そんな街に、1年ぶりに足を運んだ。駅の改札を過ぎて目の前に飛び込んでくる海の青さはあのときのまま。ただよう空気感も。ふっと口角があがってしまうような穏やかな景色に、私は何度も救われてきたんだ。
尾道という街がこんなに優しい雰囲気に包まれているのは、街全体の空気感こそが魅力だからだろう。街全体の空気を感じられるからこそ、訪れた人はみんなこの街に心を奪われていくのだと思う。1つの目玉の観光スポットがあって、それを見学して観光は終わり、というのではない、また別の味わい方ができる街だ。

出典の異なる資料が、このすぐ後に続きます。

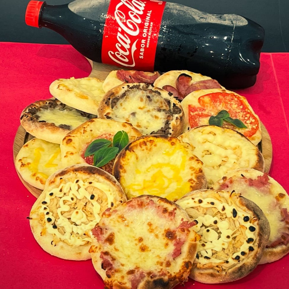 A Melhor Esfiha de Macapá! 2- Esfiha Carne com Queijo, 2- Esfiha Frango Catupiry, 2- Esfiha Calabresa com Queijo, 2- Esfiha Marguerita, 2- Esfiha 3 Queijos, 2- Esfihas Presunto com Queijo, 2- Esfiha Frango Philadelphia. São 14 unidades com os 7 sabores mais deliciosos e vendidos, para melhorar ainda mais você leva uma Coca-Cola 1l.
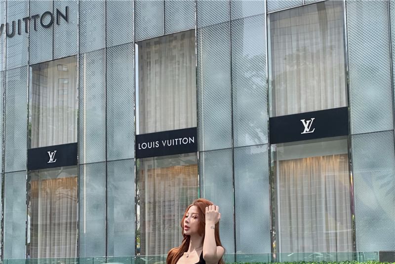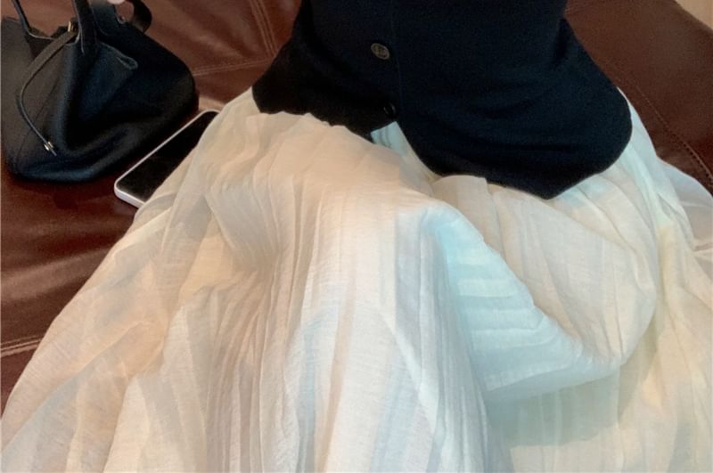 Square Neck Plain Button Tank Top / High Rise Plain Maxi A-Line Skirt

今回も私は飽きずに街を歩き回る。ふっと頬をかすめる金木犀の香りがたまらない。暖かい日差しのなかで一瞬吹く冷たい風が秋を感じさせる。そんな風に、1つ1つの景色を目に焼き付けて、全身で感じながらゆっくりと散策するのが、この街での過ごし方だ。
そう、別に、何もしない。ただこの街にただよう空気感を味わうだけで、私は旅の目的を果たせてしまうような。そんな気持ちにさえなってしまう。
海沿いに座ってパンを食べたり、沈みゆく夕日を意味もなくボーっと眺めたり、木陰に腰かけて本を読んだり。尾道に来ると、私はいつもこうだ。ほかの街でだって、ましてや自分の部屋のなかでさえできるかもしれない過ごし方。それなのに、こういう過ごし方しかしたくない、というように、頑固なまでにのんびりと、誤解をおそれず言うならば、無為な時間を過ごしてしまう。
心地よさがただよう街。何度も歩いている道、何度も見ている景色、何度も食べているもの。”何度”がいくつ積み重なったとしても、私はきっとこの街をかわらずに好きでい続けるんだろうな。